Considerations for using Autopilot with ZK Infrastructure:

• Customization Limitations: While Autopilot offers significant benefits, it provides less fine-grained control over the underlying infrastructure compared to standard mode. If your ZK provers have very specific hardware requirements or need highly customized node configurations, standard mode might be more suitable. However, Autopilot does support selecting different compute classes optimized for different workload types (e.g., compute-optimized, memory-optimized).
• Cost Model: Autopilot has a different pricing model than standard GKE. You are charged per pod CPU, memory, and persistent storage consumed, rather than per node. For ZK workloads with predictable and consistently high resource utilization, standard mode might be more cost-effective. It’s recommended to evaluate the cost implications based on your specific workload patterns.

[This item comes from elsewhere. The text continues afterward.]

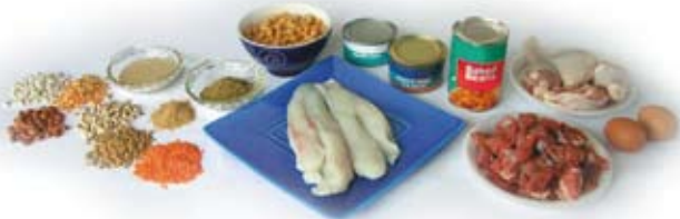
Hom gorí gusso (mesál: kurá, mas, sóol) nóile gussor zagat (mesál: dhail, fúaná dana).

By choosing between standard GKE with careful node pool configuration and optimization techniques or GKE Autopilot for a more hands-off and automated approach, you can tailor your Kubernetes environment on Google Cloud to best suit the specific needs and operational preferences of your scalable ZK infrastructure.

AlloyDB provides significant performance enhancements compared to Aurora, another database solution. AlloyDB delivers twice the throughput of Aurora, leading to faster and more efficient processing of transactions and data. Additionally, AlloyDB supports 20 read pools, which is five more than Aurora. This increased number of read pools allows for greater scalability and improved performance when handling read-intensive workloads. To optimize database performance for zkEVM, AlloyDB is used to store the Hash, Pool, and State databases, ensuring efficient data management and retrieval for these critical components of the zkEVM infrastructure.

ZK technology holds tremendous potential for the future of Web3. At Google Cloud we are committed to providing developers with the necessary infrastructure and tools to build and scale ZK-powered applications. By focusing on optimization across different layers and leveraging intelligent orchestration, we can unlock the full potential of ZKPs and drive the next wave of Web3 innovation.